What to work on: Omit any picture, and return the remaining data exactly as written.

(Given material)

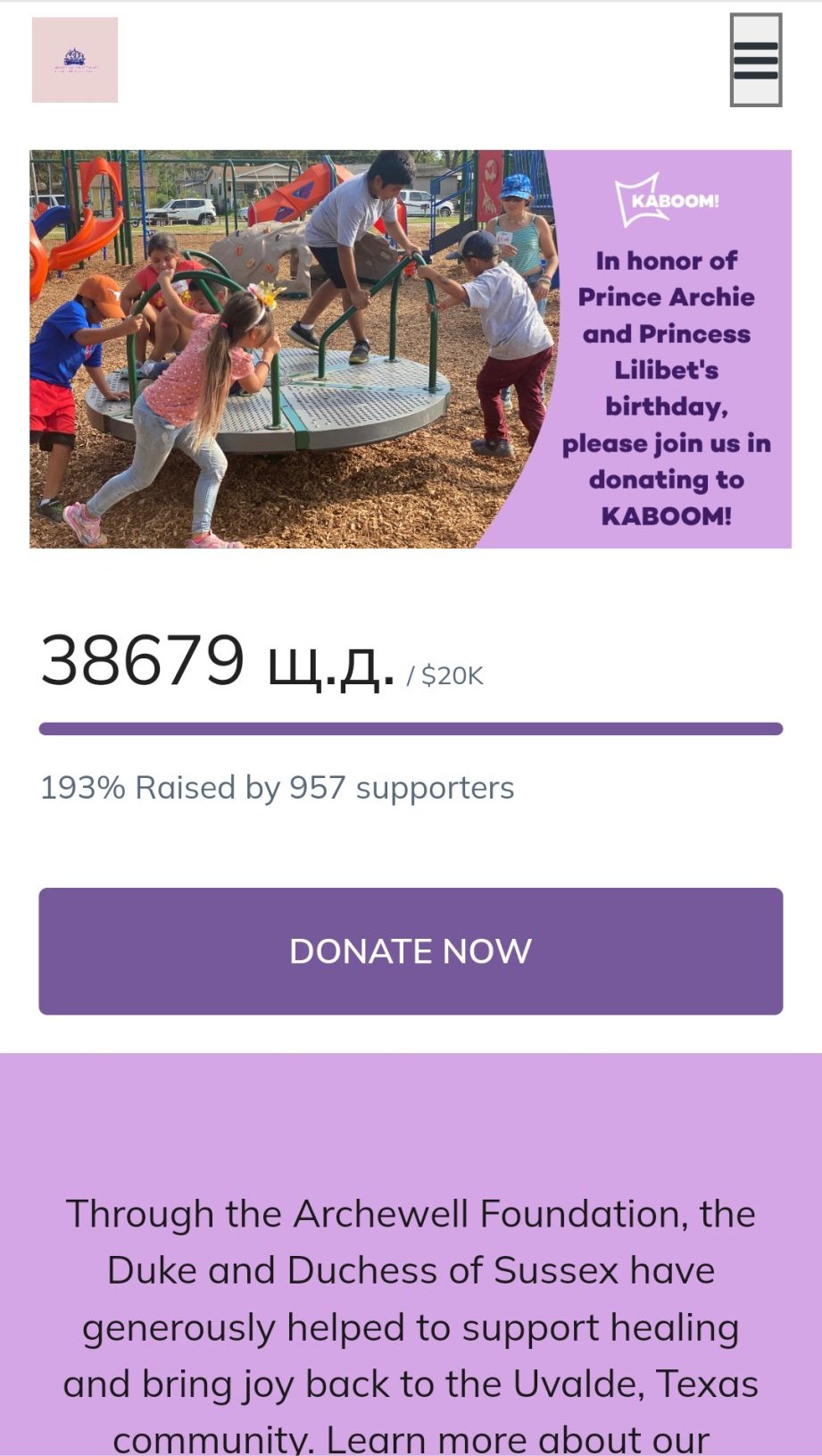 Както всяка година, феновете на Съсекс събират пари за благотворителни каузи започнати от самите Съсекс. Това е в чест на рождения ден на принц Арчи и принцеса Лили. Тази година са избрали каузата за изграждане на детски площадки след стрелбата в Увалде, Тексас, миналата година. За по- малко от един ден събраха 20 хиляди долара, все още няма два дни и са почти двойно повече.
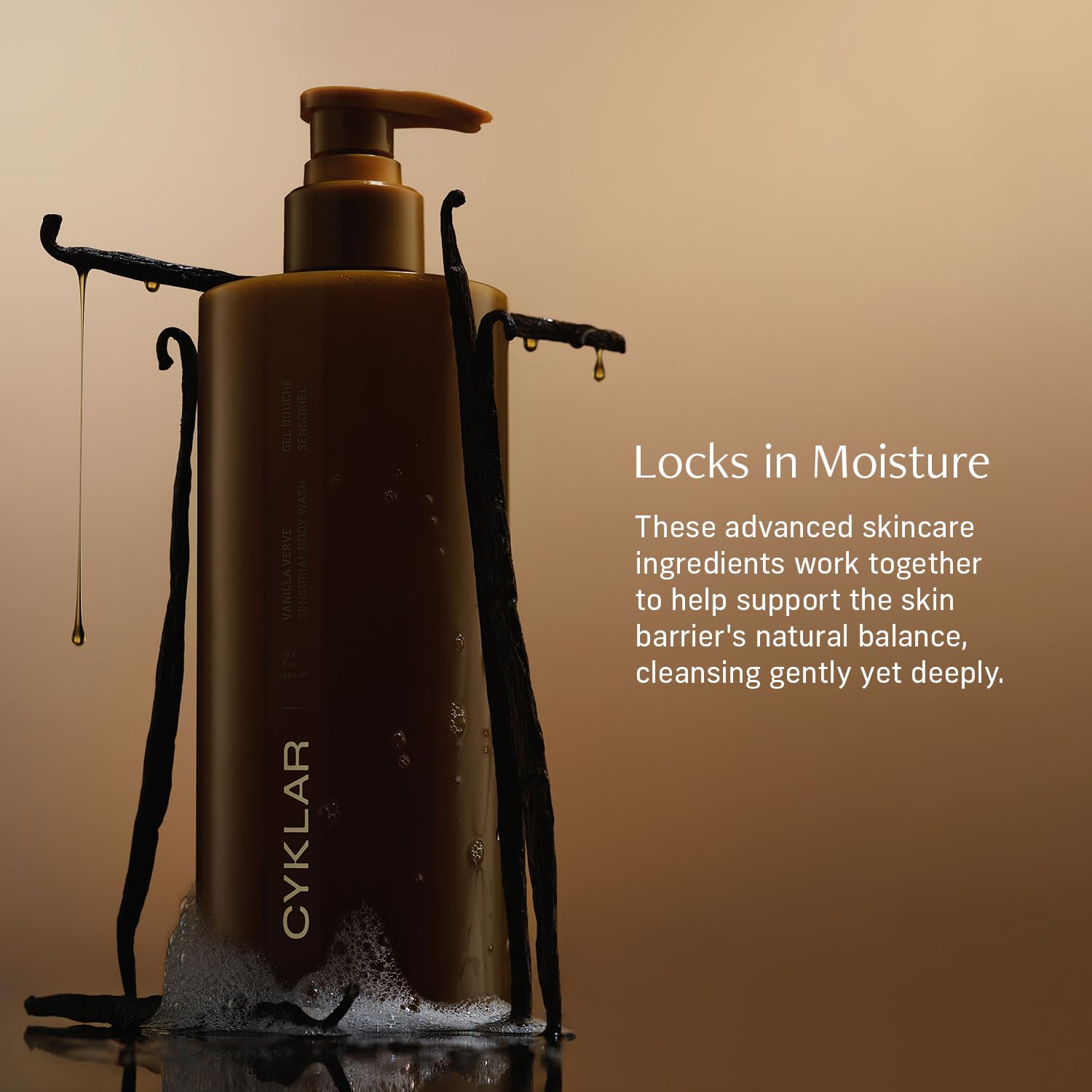 CYKLAR Sensorial Body Wash. Vanilla Verve Hydrating Cleanser with Moisture Locking Multi-Oil Complex, Sodium PCA and Glycerin. Nourishing Shower Gel for Women and Men, 16.5 Fl Oz Luxury Bodywash
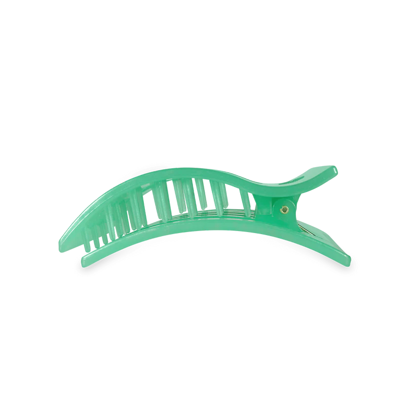 Lean back and relax - comfort just got a new shape. Introducing the TELETIES Spring Splash Medium Flat Rectangle Hair Clip in Green, the newest addition to our best-selling Flat Clip Collection. Joining the original Round and Square styles, this elevated rectangular design offers the same flat-back comfort and stronghold TELETIES is known for - now with a sleek, modern style.

(End Given material)

Answer section:
 Както всяка година, феновете на Съсекс събират пари за благотворителни каузи започнати от самите Съсекс. Това е в чест на рождения ден на принц Арчи и принцеса Лили. Тази година са избрали каузата за изграждане на детски площадки след стрелбата в Увалде, Тексас, миналата година. За по- малко от един ден събраха 20 хиляди долара, все още няма два дни и са почти двойно повече.
 CYKLAR Sensorial Body Wash. Vanilla Verve Hydrating Cleanser with Moisture Locking Multi-Oil Complex, Sodium PCA and Glycerin. Nourishing Shower Gel for Women and Men, 16.5 Fl Oz Luxury Bodywash
 Lean back and relax - comfort just got a new shape. Introducing the TELETIES Spring Splash Medium Flat Rectangle Hair Clip in Green, the newest addition to our best-selling Flat Clip Collection. Joining the original Round and Square styles, this elevated rectangular design offers the same flat-back comfort and stronghold TELETIES is known for - now with a sleek, modern style.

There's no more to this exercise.